When it comes to knocking out Dragoon parts and Final Smash Balls out of people, there's usually a high chance that you will drop it from even the weakest attacks and at low damage, but no matter how hard you hit the AI or how hurt they are, they will hardly drop the said items.
This troper's friend claims that this is because it depends on the number of times you've been hit, not the damage you've taken. Somehow, this seems unlikely though, since they once lost a Smash ball after falling onto some spikes once. ONCE.
Speaking of Final Smashes, when the AI uses Sonic's or Pikachu's, not only are you the prime target, but they have PERFECT control over their powers, as in they will only miss once in a lifetime.
To add to the frustration of the already cheap as hell Wario Ware stage, the computer always seems to get rewarded with invincibility for completing a microgame a lot more than you do.
This Troper once saw all 4 players (computer x3 and myself) win the stupid challenge somehow*, all four players of course received the prize. Star! Star! Star! Big. Greaaaat...
*To Clarify "somehow", the computer tends to even sacrifice invulnerability to screw with you, even knocking you out during "Don't Move" so you either forfeit YOUR power up, or don't recover and lose a life.
When Togepi appears and performs Night Shade, the screen goes COMPLETELY black. Not only you can't see what the hell you are doing, but the AI knows EXACTLY where you are in the darkness, making this Pokemon move more of a hindrance.
Also, when the Nintendog appears, nothing happens to the CP Us.
Also in Brawl, the AI have perfect bearings when the controls or the stage in Spear Pillar is reversed, making the fight much harder and cheaper than it needs to be.
Not to mention generally grabbing a Cloaking Device in any single player mode in Melee. There was an Event match that had both Fox and Falco permanently invisible just to drive the opposing point home. Evil bastards.

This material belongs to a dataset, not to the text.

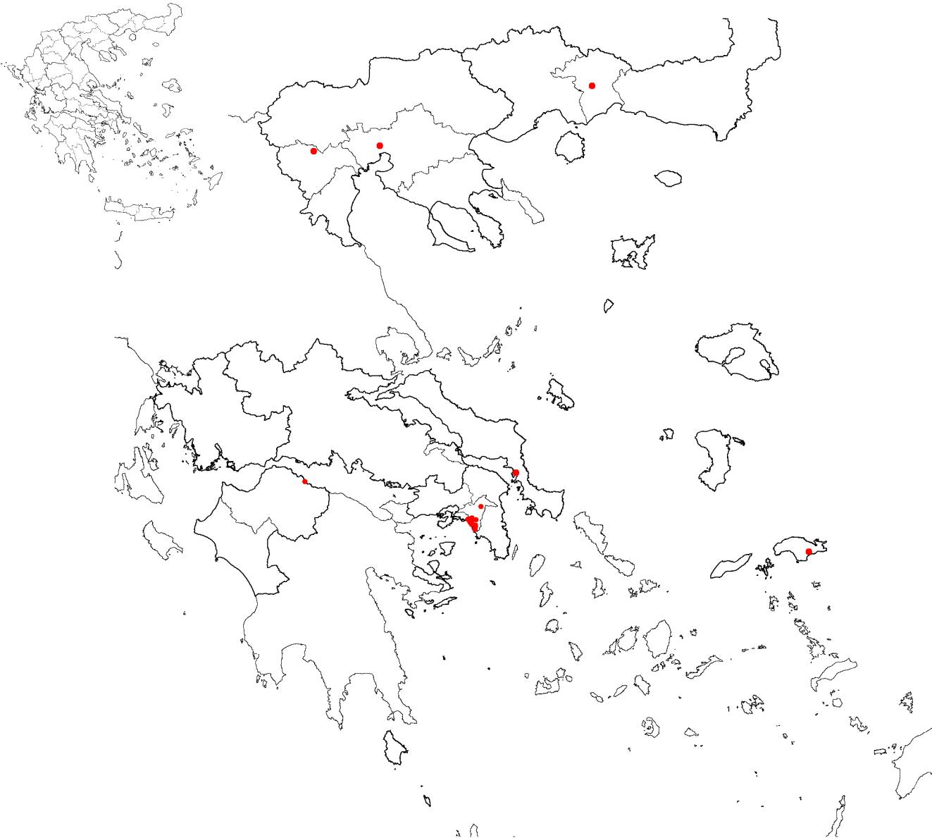
Εικόνα 2: Χάρτης με αποτύπωση του πιθανού τόπου έκθεσης των ασθενών με εργαστηριακή διάγνωση λοίμωξης από ιό του Δυτικού Νείλου με εκδηλώσεις από το κεντρικό νευρικό σύστημα (n=32). Περίοδος 2012, έως 09.08.2012 (ώρα 16.00).

Also, in a Fast special match, the computer will have obscenely good reflexes and is able to make moves faster than a human opponent can react, since it's not limited by human reaction time.
And to top it all off, all this and more is characteristic of the AI on the easiest difficulty.
The final match before Master Hand in brawl is a Battle Royal... except for the fact that it's not. CPU characters focus on killing the player, instead of each other. This is even more evident with the Dragoon. It always focuses on you.
In fact, this seems to be the case in a regular free for all match. There will always be at least one guy who will stalk you no matter how much you try to distance yourself and when they do, it attracts attention from the other AI players, thus you get caught in the "brawl."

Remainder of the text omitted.